# Flash AS2 audio player



## Gesp (Nov 29, 2008)

Hi

Can anyone help me in this problem... I`m trying to find some one that can show me, tutorials and stuff, how can I create a AS2 based mp3 player with various lists on it, they don`t need to be in a list format, just continously playing and with a change track option..

Is it possible? 

Please can anyone help me?

thanks


----------



## Eriksrocks (Aug 7, 2005)

Have you considered one that is already made?

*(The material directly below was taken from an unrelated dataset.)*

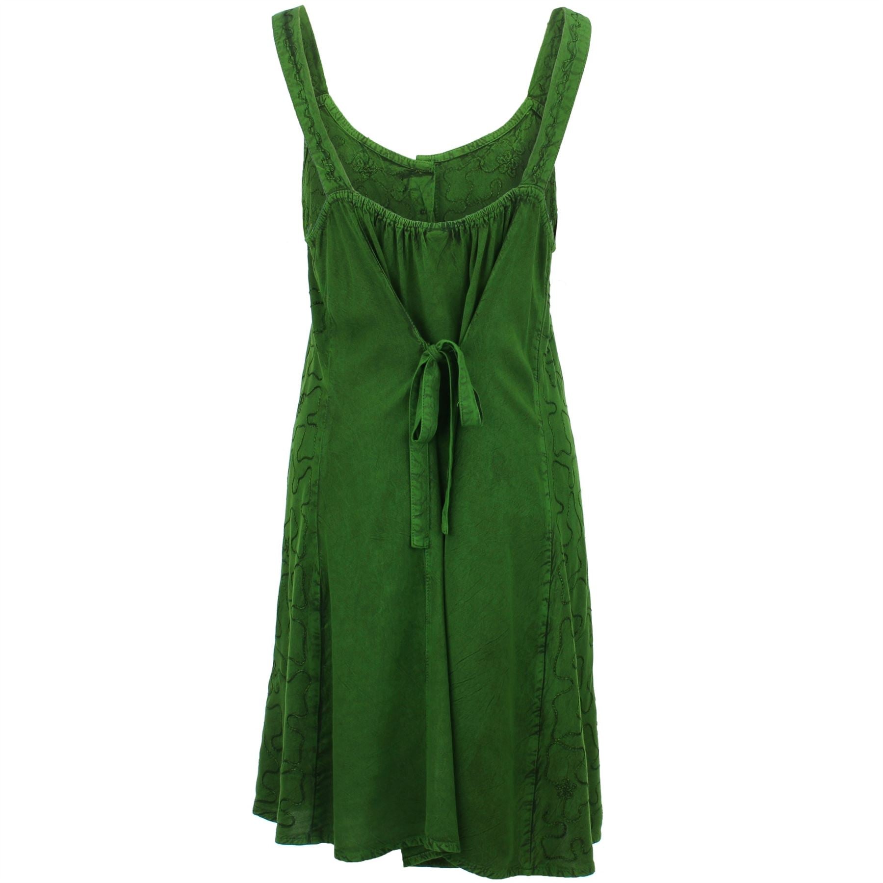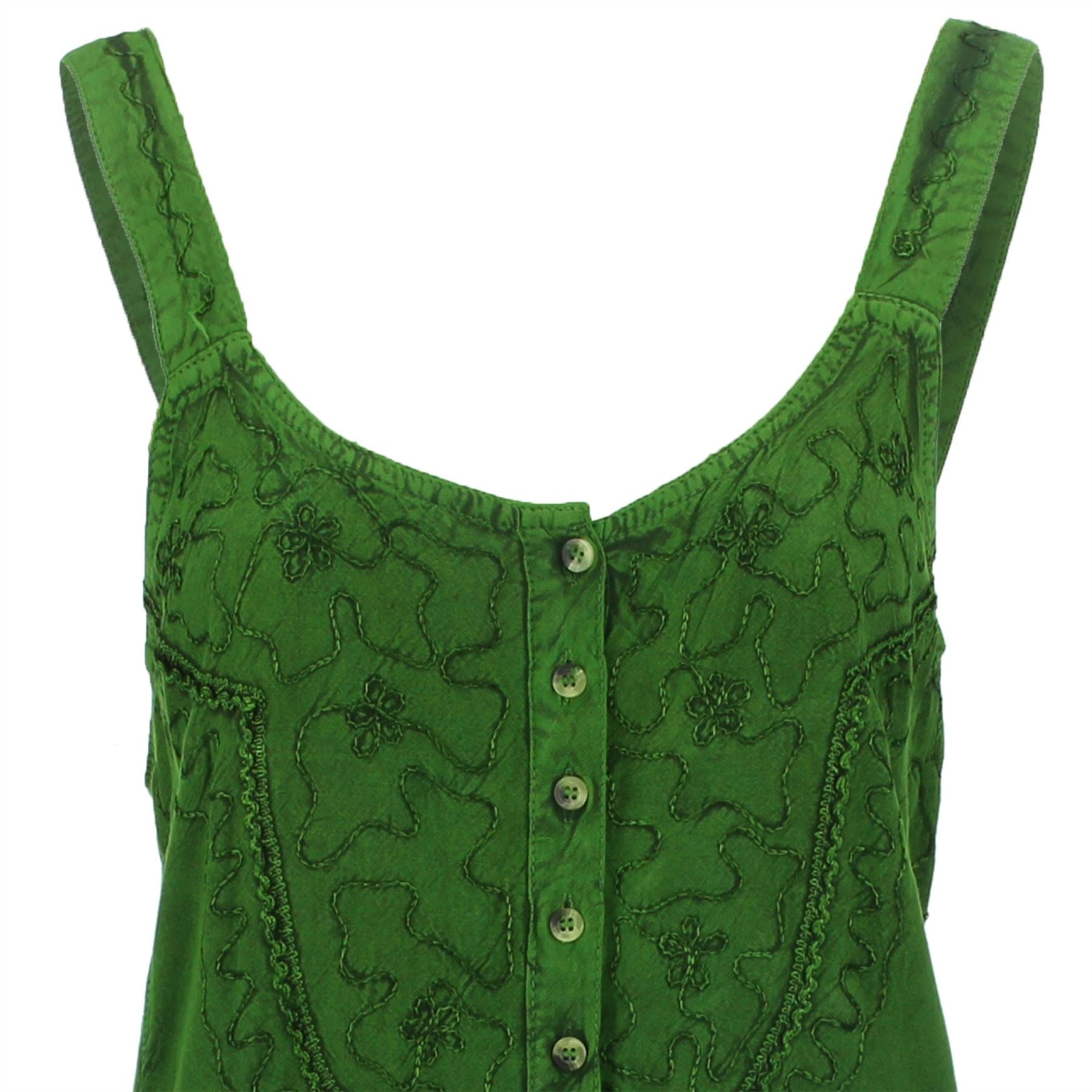 Strappy button down sleeveless dress with an embrided floral pattern on the front, embrided sides, elasticated back and back ties.

http://www.longtailvideo.com/players/jw-flv-player/
http://www.macloo.com/examples/audio_player/
http://musicplayer.sourceforge.net/

It will probably be easier to just use one of those or one of the many others out there and then just input your MP3 files.


----------



## Gesp (Nov 29, 2008)

but I gess none of them can be inserted in an flash portfolio can they?


----------



## Eriksrocks (Aug 7, 2005)

In that case, try looking at this:
http://www.actionscript.org/resources/articles/167/1/Flash-MX-Audio-Player/Page1.html


----------



## -Fabez- (Jul 28, 2008)

Depending on the structure of you Flash E-Portfolio, there are different ways to insert a music player into it, such as the LoadMovie function. As for the player itself, the tutorials that Eriksrocks provided are a good starting point, from which you can build up from to include other features that you want.


----------